Flacher, weniger Drift/Sttrömung gehen auch Blinker immer..


----------



## torino (8. Juli 2011)

*AW: Efzett Blinker statt Buttlöffel*

Geht der in jeder Farbe der Blinker und wie viel Gramm würdet ihr von der Mole fischen ?


----------



## j.Breithardt (8. Juli 2011)

*AW: Efzett Blinker statt Buttlöffel*



torino schrieb:


> Hallo
> fahre in kürze in Urlaub und da wollte ich in Dänemark von ner Mole aus eigentlich Buttlöffeln, doch jetzt will ich keine mehr bestellen, da das Risiko zu hoch ist, dass sie nicht mehr vor dem Urlaub ankommen. Deswegen wollte ich fragen ob auch ein Efzett Blinker gehen würde oder ein anderer ?


 



@ Torino,#h

die Frage hattest du am 3.1.2011 doch schon mal gestellt
und ausführlich beantwortet bekommen.
Meinst du,es hätte sich in der Zwischenzeit was geändert?#c


Gruß
Jürgen |wavey:


----------



## torino (8. Juli 2011)

*AW: Efzett Blinker statt Buttlöffel*

Aber bitte beantwortet mir noch ob das Blinker Design vom Efzett egal ist !


----------



## TR22 (8. Juli 2011)

*AW: Efzett Blinker statt Buttlöffel*

Ist egal.
Haupsache es wird etwas Sand aufgewirbelt.
Ich hatte Kupfer


----------



## hornhechteutin (9. Juli 2011)

*AW: Efzett Blinker statt Buttlöffel*

Moin Moin,
klar geht das ABER ist ein Efzett auch genauso gut wie ein Buttlöffel ? Klare NEIN von mir da durch die Form des Buttlöffels eben mehr Sand aufgwirbelt wird und er sich auch ganz anders im Wasser bewegt als de Effzett.
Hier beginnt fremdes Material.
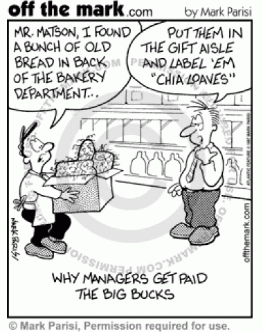 Smart Managers A manager tells an employee to put moldy old bread in the gift aisle as
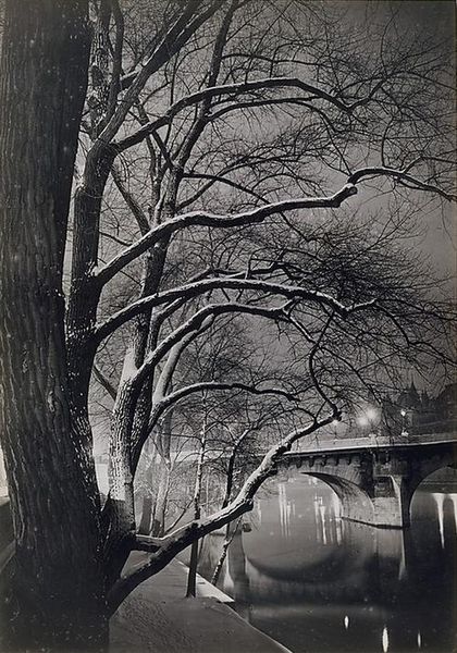Robert Frank’s photograph “Snow-covered tree--Landscape” captures a stark, wintry scene. Frank, a Swiss-American photographer, is best known for his raw, documentary style, which often reflects a sense of alienation and social commentary. In this photograph, we see a solitary tree, its branches bare and dusted with snow, set against a backdrop of bleak architecture. The scene evokes a feeling of isolation. The snow-covered landscape softens the scene and removes its details, while the bare tree reminds us of the fragility and resilience of life, even in the face of harsh conditions. The image may reflect Frank’s own experiences as an immigrant, navigating a new cultural landscape. His work often grapples with themes of outsider status and the search for belonging. Like much of his photography, this image is deeply personal, inviting viewers to reflect on their own emotional landscapes and the spaces they inhabit.

Es gibt 2 verschiedenen Hersteller von den Buttlöffeln . Ich tendiere zu den von Sven Matthiesen ( Nordangler hier im AB ) da bei seinen Buttlöffeln das Verhältnis Größe/Gewicht in meinen Augen stimmt. Fische schon seit über 10 Jahren mit den Teilen und sie sind ein fester Bestandteil in meiner Ausrüstung

Gruß aus Eutin
Michael


----------



## Multe (9. Juli 2011)

*AW: Efzett Blinker statt Buttlöffel*

Hej torino, ich fische schon jahrelang vor Langeland den ABU Koster, Effzett sowie die orig. Buttlöffel. Ich kann hier absolut keinen Unterschied feststellen. Auf alle drei Modelle habe ich gleichgut gefangen und kann nicht sagen, das es auf einen der Teile besser geht. Vor LL fische ich vom Kleinboot aus in einer Tiefe von 4 - 10m.
Von der Mole aus wirst du bestimmt keinen Unterschied merken.
Gruß Multe


----------



## Freelander (9. Juli 2011)

*AW: Efzett Blinker statt Buttlöffel*



hornhechteutin schrieb:


> Moin Moin,
> klar geht das ABER ist ein Efzett auch genauso gut wie ein Buttlöffel ? Klare NEIN von mir da durch die Form des Buttlöffels eben mehr Sand aufgwirbelt wird und er sich auch ganz anders im Wasser bewegt als de Effzett. Es gibt 2 verschiedenen Hersteller von den Buttlöffeln . Ich tendiere zu den von Sven Matthiesen ( Nordangler hier im AB ) da bei seinen Buttlöffeln das Verhältnis Größe/Gewicht in meinen Augen stimmt. Fische schon seit über 10 Jahren mit den Teilen und sie sind ein fester Bestandteil in meiner Ausrüstung
> 
> Gruß aus Eutin
> Michael



Moin Moin,

Kannst auch die von Micha aus dem Angelcenter in Eutin nehmen.die gehen genauso gut.
Die liegen in meiner Kiste als fester Bestandteil.#6#h


----------



## hornhechteutin (9. Juli 2011)

*AW: Efzett Blinker statt Buttlöffel*

Moin Moin,


Freelander schrieb:


> Moin Moin,
> 
> Kannst auch die von Micha aus dem Angelcenter in Eutin nehmen.die gehen genauso gut.
> Die liegen in meiner Kiste als fester Bestandteil.#6#h



klar gehen auch die anderen von Falkfish, da haste Recht nur sind die bei gleichen Gewicht kleiner was die Lockwirkung reduziert in meinen Augen |supergri . Hatte und habe auch ein paar davon in der Kiste wo sie auch bleiben , dem bei einem hab ich festgestellt, das sich Dellen auf dem Buttlöffel gebildet haben wenn er auf Steinen gelandet ist und die Farbe hat sich gelößt .
Grundsätzlich ist es so, das nur der Köder fängt, an dem der Angler auch glaubt. Einfach ausprobieren ob einem der Effzett, der Buttlöffel von Sven oder der von Falkfish besser liegt und die Fänge kommen von alleine #6 :vik:

Gruß aus Eutin
Michael


----------



## Freelander (9. Juli 2011)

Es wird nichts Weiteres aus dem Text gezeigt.